Saguaro National Park is home to one of the greatest concentration of the Southwest’s most recognizable and iconic plant, the giant saguaro cacti. The plant is closely associated with western films and a symbol of the Southwest in general. Located both east and west of Tucson, the cacti in the national park grow twice as fast as those in western Arizona’s because of the region’s precipitation rates. It’s astonishing how wide and tall they can grow – occasionally over 40 feet (12.2 metres) in height!

Sweeping views of saguaro forests are best observed on the Cactus Forest Drive in Saguaro East – Rincon Mountain District and the Scenic Bajada Loop Drive in Saguaro West – Tucson Mountain District. The saguaros silhouette very well during the warm sunsets typical of southern Arizona, especially when the air is a bit hazy and/or clouds are present.


White Pocket (Vermilion Cliffs National Monument)
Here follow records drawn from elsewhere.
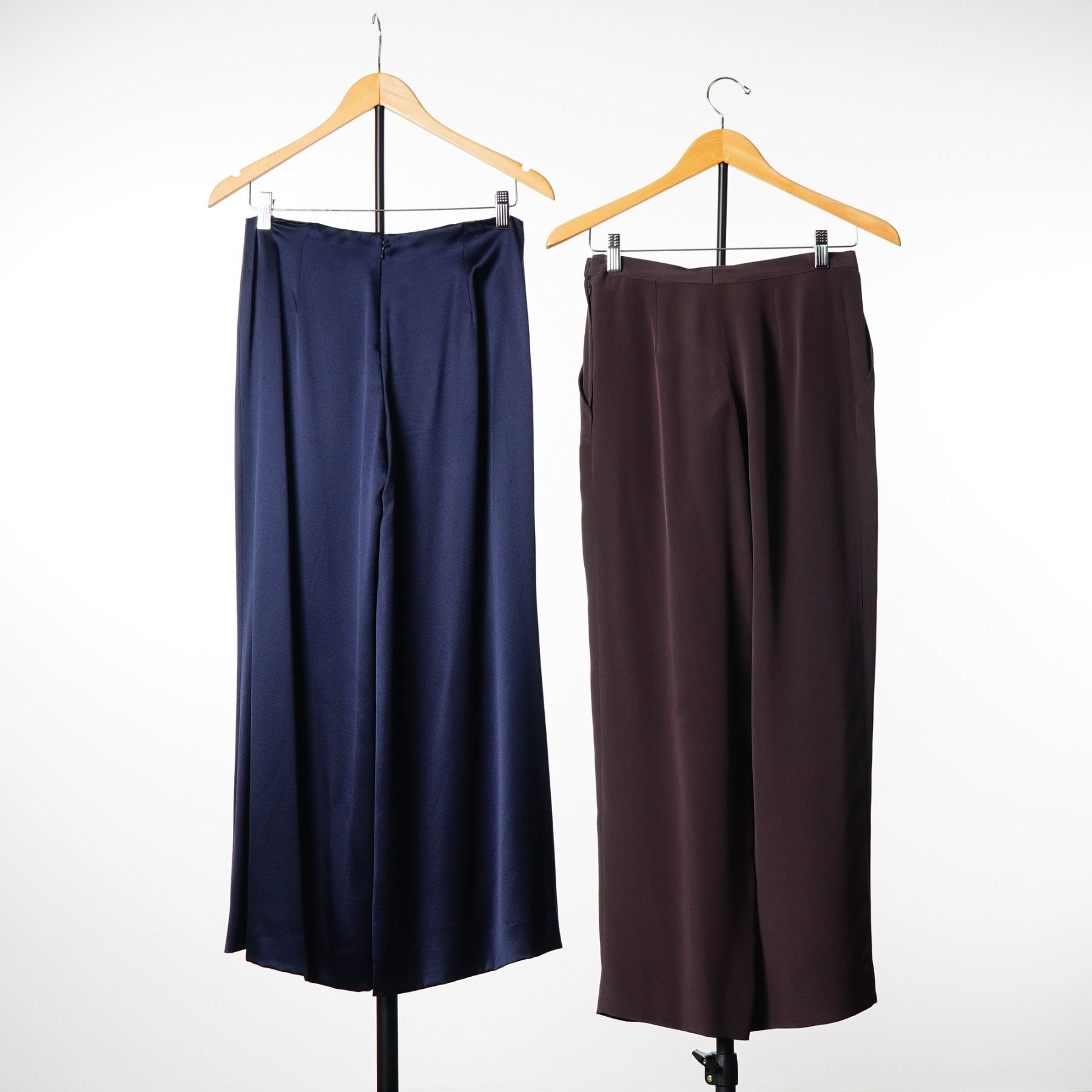 Lot 237 2pc Designer Wide-Leg Silk Trousers, Ralph Lauren and OGGI Miami Beach
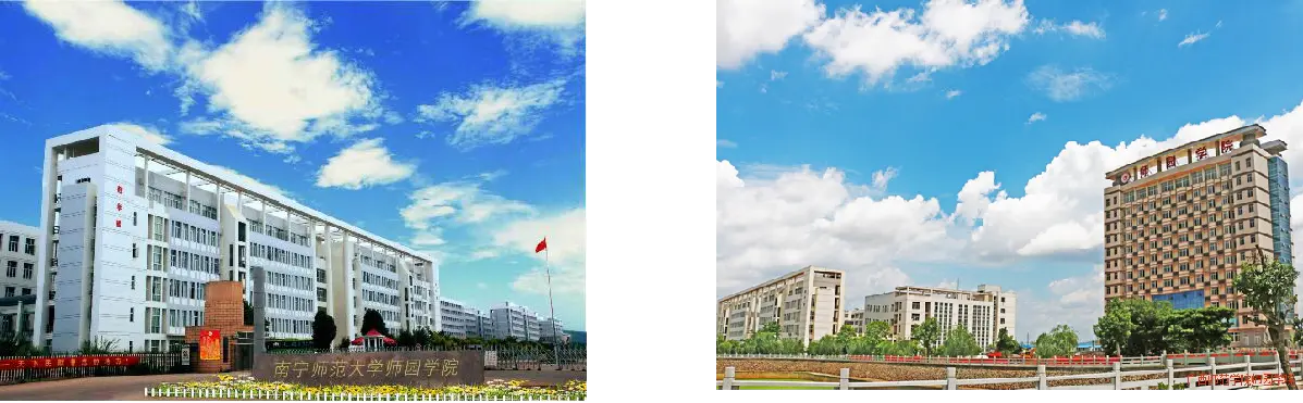 南宁师范大学师园学院(官网:http://www.gxsy.edu.cn/)坐落于广西壮族自治区首府南宁市,靠近吴圩国际机场,占地面积 22 万平方米,是2002年4月经广西壮族自治区教育厅批准、2004年2月国家教育部重新确认,由南宁师范大学联合社会力量举办的一所普通全日制本科院校(独立学院),具有学士学位授予权,纳入国家统一招生计划。
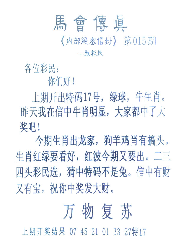 015期:首发推荐:≮馬會傳眞≯→(香港正版)
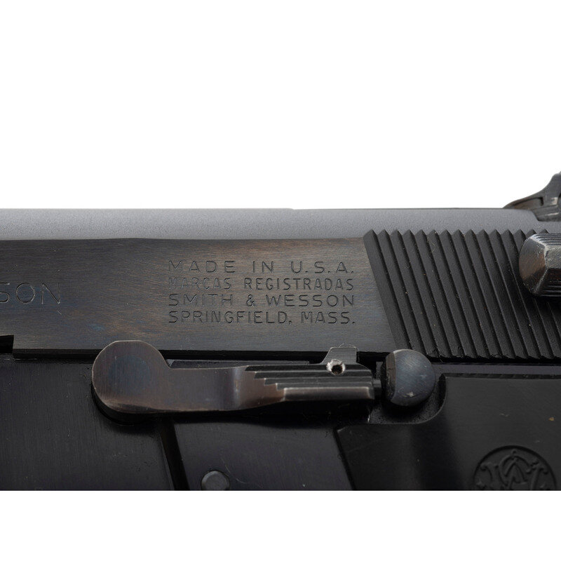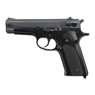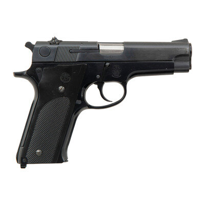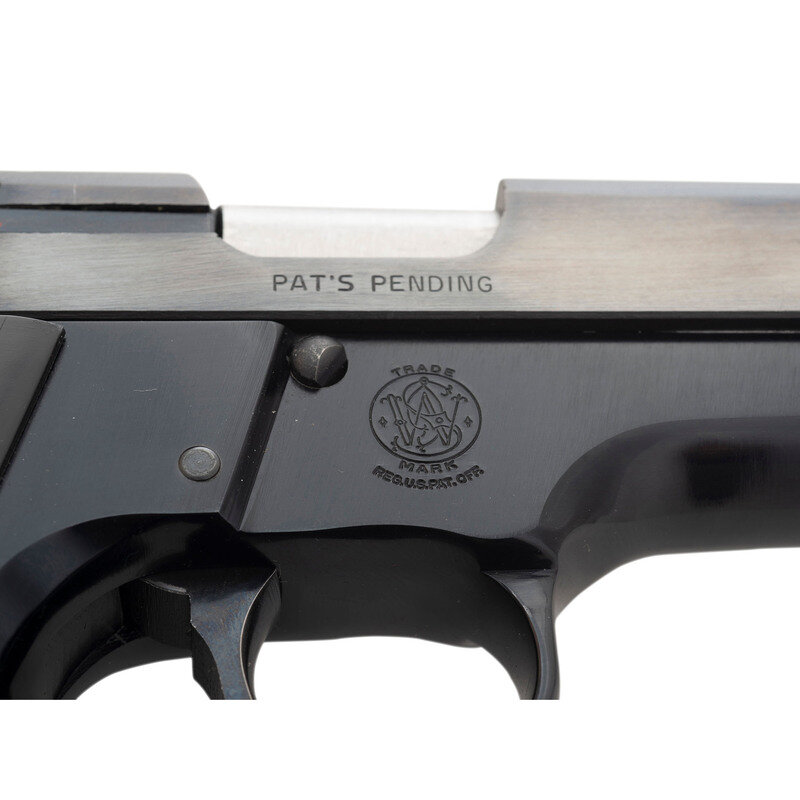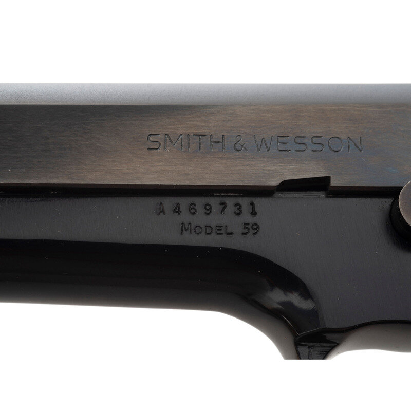 9mm Para. 4" barrel length. SN: A469731. Blued metal finish with black Anodized frame mounting Smith & Wesson logo black synthetic grips. Short recoil operated DA/SA autoloading pistol fed by detachable double stack magazines. Item mounts adjustable target rear and matted front ramp sights with lanyard loop to butt. Safeties include a slide mounted safety/decocker and a magazine safety. Item is marked MODEL 59 on the left frame with Smith & Wesson's monogram trade mark on the right. The left slide shows a four-line address and standard maker markings. Comes in a blue cardboard Smith & Wesson marked box with: one magazine, the owner's manual, warranty card stub, flyers, and an aluminum cleaning rod with copper bore brush.
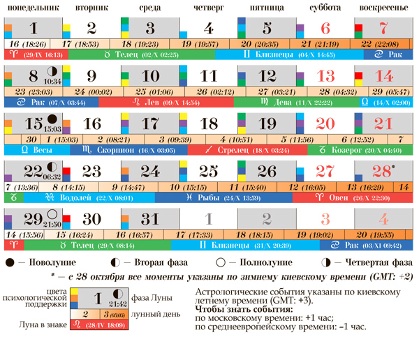 Крупные цифры - день месяца,ниже бежево-оранжевая строчка - это лунные дни и время начала лунного дня ( время на этом календаре московское)Синие, зеленые и красные полоски - это в каком знаке зодиака находится луна в какой день в какое время. А вот что обозначают квадратики цветные где указан день месяца, я пока еще не поняла. Например: 29 сентября,15 лунные сутки начнутся в 18:26,Луна в 17:13 войдет в созвездие овна. Надеюсь понятно. Если нет буду искать другую интерпретацию. Это про квадратики цветные. Лунная радуга Цвета эмоционально-психологической и энергетической поддержки. Черный и белый - нейтральные цвета. – сб – 1 –красный и голубой – вс – 2 –оранжевый и голубой – пн – 3 –желтый и голубой – вт – 4 –зеленый, голубой и желтый – ср – 5 –голубой – чт – 6 –синий, голубой и зеленый – пт – 7 –фиолетовый и голубой – сб – 8 –красный и зеленый – вс – 9 –оранжевый и зеленый – пн – 10 –желтый, зеленый и голубой – вт – 11 –зеленый и желтый – ср – 12 –голубой, зеленый и синий – чт – 13 –синий и зеленый – пт – 14 –фиолетовый и зеленый – сб – 15 –красный и желтый – вс – 16 –оранжевый и фиолетовый – пн – 17 –желтый, фиолетовый и голубой – вт – 18 –зеленый, фиолетовый и желтый – ср – 19 –голубой, фиолетовый и синий – чт – 20 –голубой, фиолетовый и синий – пт – 21 –синий, фиолетовый и зеленый – сб – 22 –фиолетовый – вс – 23 –красный и синий – пн – 24 –оранжевый и синий – вт – 25 –желтый, синий и голубой – ср – 26 –зеленый, синий и желтый – чт – 27 –голубой и синий – пт – 28 –синий – сб – 29 –фиолетовый и синий – вс – 30 –красный и голубой Brother KH868/KR838, интарсия.

Few places are revered by well-traveled Southwest photographers as much as White Pocket in Vermilion Cliffs National Monument. The approach to this location is bumpy, confusing, and very sandy rendering it accessible to only the few and devoted. But the otherworldly formations and colors found here are absolutely mind-blowing. The Southwest is littered with areas that can be considered “alien” but this place takes it to another level. You could spend a week in this small area and continue to find new photographic compositions.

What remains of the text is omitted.